** THE DATA follows **

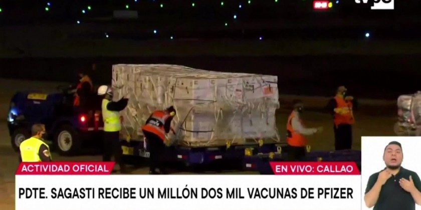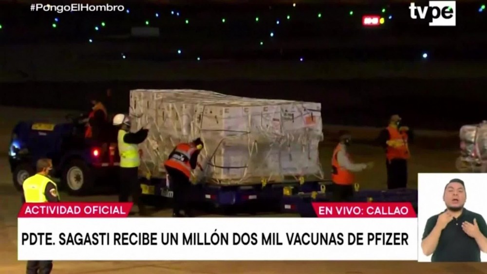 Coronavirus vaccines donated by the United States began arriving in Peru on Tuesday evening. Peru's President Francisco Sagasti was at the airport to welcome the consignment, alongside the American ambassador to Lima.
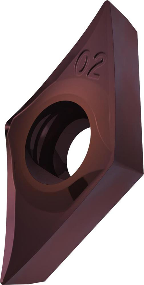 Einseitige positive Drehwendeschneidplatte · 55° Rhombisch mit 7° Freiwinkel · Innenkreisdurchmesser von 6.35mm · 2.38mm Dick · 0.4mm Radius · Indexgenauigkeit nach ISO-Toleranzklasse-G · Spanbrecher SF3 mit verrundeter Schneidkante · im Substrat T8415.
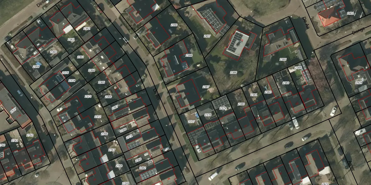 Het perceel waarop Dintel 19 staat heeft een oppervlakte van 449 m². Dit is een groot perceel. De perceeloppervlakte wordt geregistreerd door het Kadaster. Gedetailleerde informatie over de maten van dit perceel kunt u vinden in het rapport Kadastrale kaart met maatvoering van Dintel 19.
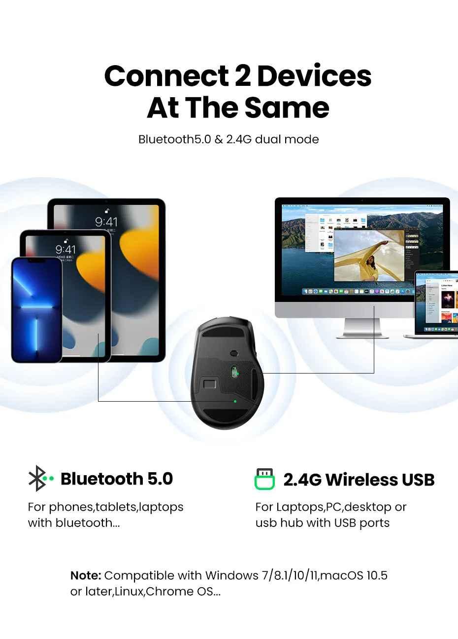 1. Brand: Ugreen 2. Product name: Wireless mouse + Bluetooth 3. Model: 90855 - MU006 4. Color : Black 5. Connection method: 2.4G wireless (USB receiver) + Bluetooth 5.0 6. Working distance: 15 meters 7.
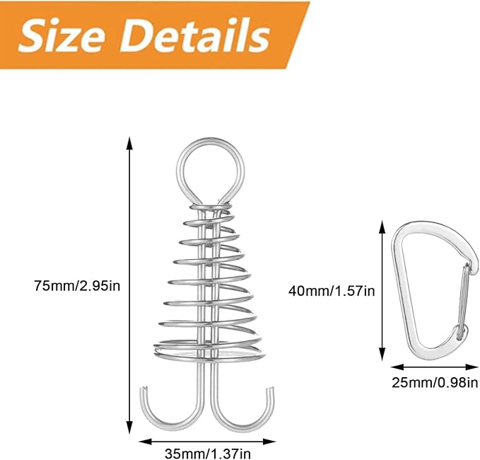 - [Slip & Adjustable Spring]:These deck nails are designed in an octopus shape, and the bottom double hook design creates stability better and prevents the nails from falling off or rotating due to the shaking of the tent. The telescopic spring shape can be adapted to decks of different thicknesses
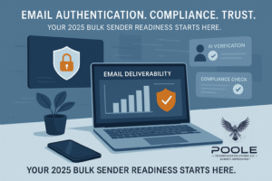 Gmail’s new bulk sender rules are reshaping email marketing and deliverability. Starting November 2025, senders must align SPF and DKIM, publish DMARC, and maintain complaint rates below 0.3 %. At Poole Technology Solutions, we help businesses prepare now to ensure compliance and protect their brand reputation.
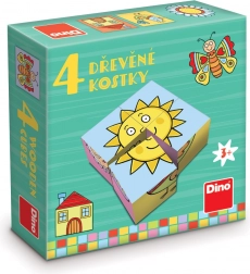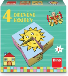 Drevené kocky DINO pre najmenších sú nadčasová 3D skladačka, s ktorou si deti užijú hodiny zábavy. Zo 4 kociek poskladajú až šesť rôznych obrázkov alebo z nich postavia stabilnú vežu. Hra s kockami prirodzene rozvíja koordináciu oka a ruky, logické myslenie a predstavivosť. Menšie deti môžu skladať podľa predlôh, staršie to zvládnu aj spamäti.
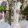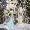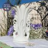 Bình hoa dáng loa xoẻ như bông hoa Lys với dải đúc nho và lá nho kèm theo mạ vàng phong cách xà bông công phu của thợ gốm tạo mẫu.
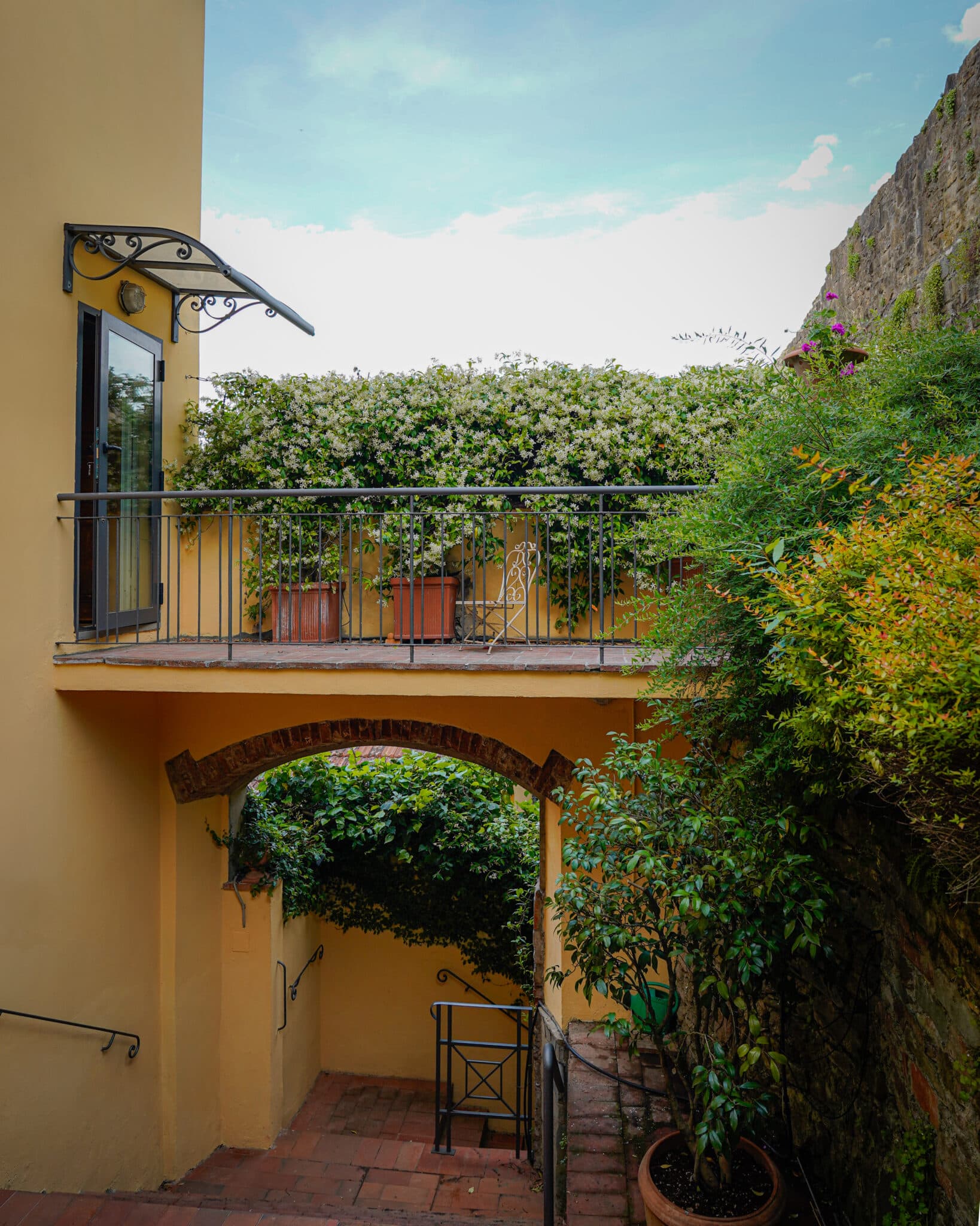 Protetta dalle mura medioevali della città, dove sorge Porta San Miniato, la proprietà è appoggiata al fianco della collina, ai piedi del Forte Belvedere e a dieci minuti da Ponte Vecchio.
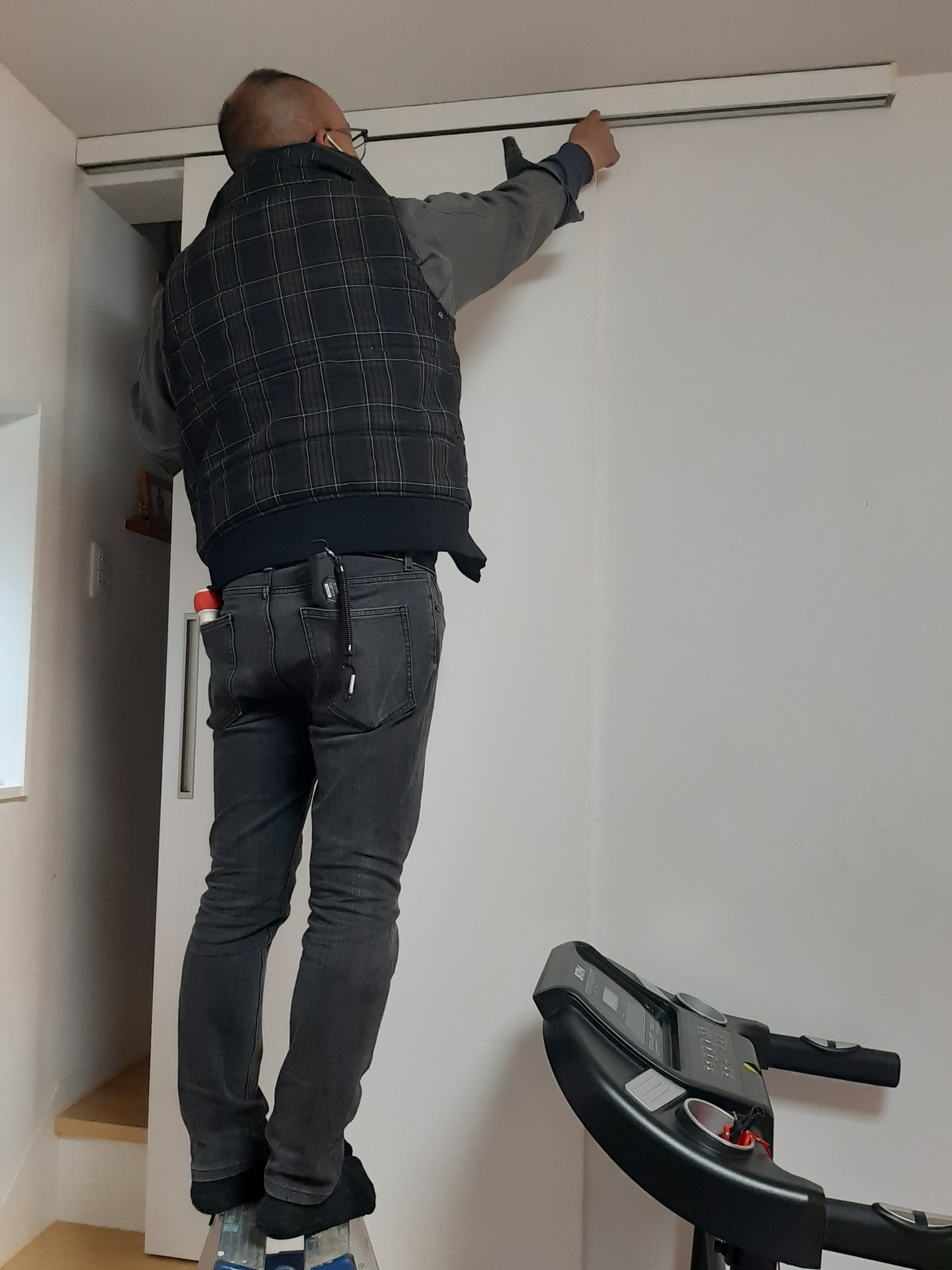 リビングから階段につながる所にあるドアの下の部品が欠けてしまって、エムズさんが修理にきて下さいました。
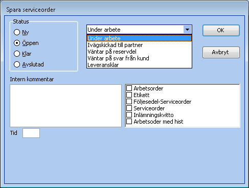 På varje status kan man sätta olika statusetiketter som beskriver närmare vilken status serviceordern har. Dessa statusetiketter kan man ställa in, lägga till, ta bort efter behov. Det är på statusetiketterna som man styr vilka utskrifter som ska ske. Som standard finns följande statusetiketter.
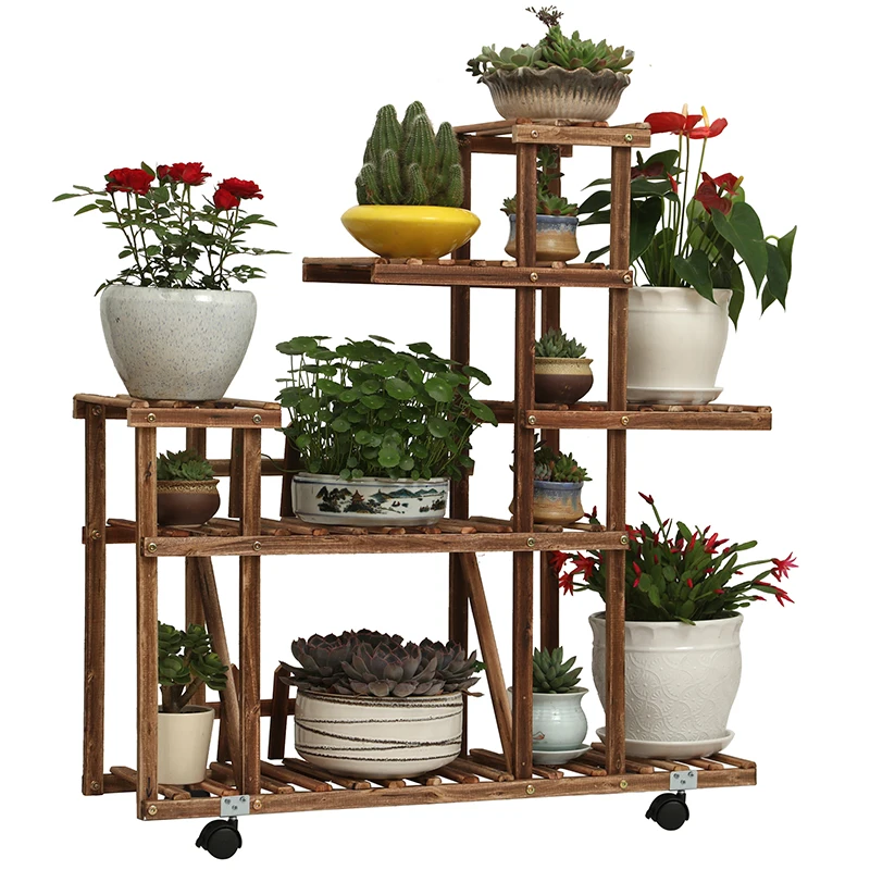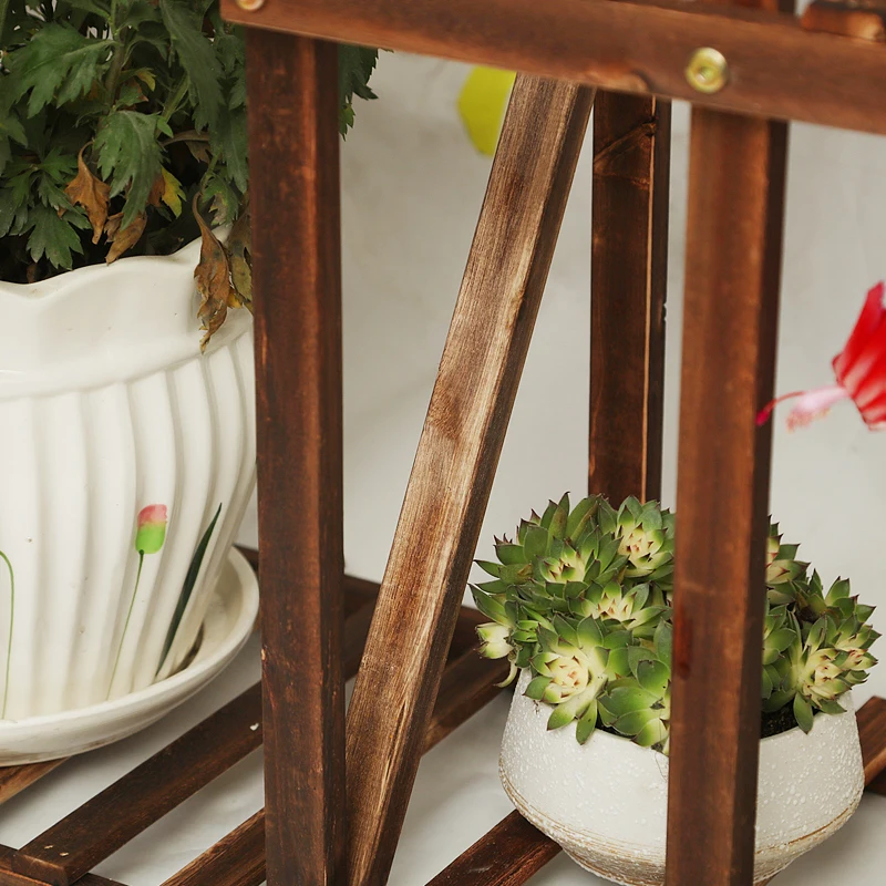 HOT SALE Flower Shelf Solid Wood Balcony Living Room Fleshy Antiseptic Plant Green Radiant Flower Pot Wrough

** End of THE DATA **

* **REQUIRED WORK**
The line containing "- [Slip & Adjustable" and all lines after it, through the last line of the records, should be returned exactly. Omit the pictures.

* **WRITTEN REPLY**
 - [Slip & Adjustable Spring]:These deck nails are designed in an octopus shape, and the bottom double hook design creates stability better and prevents the nails from falling off or rotating due to the shaking of the tent. The telescopic spring shape can be adapted to decks of different thicknesses
 Gmail’s new bulk sender rules are reshaping email marketing and deliverability. Starting November 2025, senders must align SPF and DKIM, publish DMARC, and maintain complaint rates below 0.3 %. At Poole Technology Solutions, we help businesses prepare now to ensure compliance and protect their brand reputation.
 Drevené kocky DINO pre najmenších sú nadčasová 3D skladačka, s ktorou si deti užijú hodiny zábavy. Zo 4 kociek poskladajú až šesť rôznych obrázkov alebo z nich postavia stabilnú vežu. Hra s kockami prirodzene rozvíja koordináciu oka a ruky, logické myslenie a predstavivosť. Menšie deti môžu skladať podľa predlôh, staršie to zvládnu aj spamäti.
 Bình hoa dáng loa xoẻ như bông hoa Lys với dải đúc nho và lá nho kèm theo mạ vàng phong cách xà bông công phu của thợ gốm tạo mẫu.
 Protetta dalle mura medioevali della città, dove sorge Porta San Miniato, la proprietà è appoggiata al fianco della collina, ai piedi del Forte Belvedere e a dieci minuti da Ponte Vecchio.
 リビングから階段につながる所にあるドアの下の部品が欠けてしまって、エムズさんが修理にきて下さいました。
 På varje status kan man sätta olika statusetiketter som beskriver närmare vilken status serviceordern har. Dessa statusetiketter kan man ställa in, lägga till, ta bort efter behov. Det är på statusetiketterna som man styr vilka utskrifter som ska ske. Som standard finns följande statusetiketter.
 HOT SALE Flower Shelf Solid Wood Balcony Living Room Fleshy Antiseptic Plant Green Radiant Flower Pot Wrough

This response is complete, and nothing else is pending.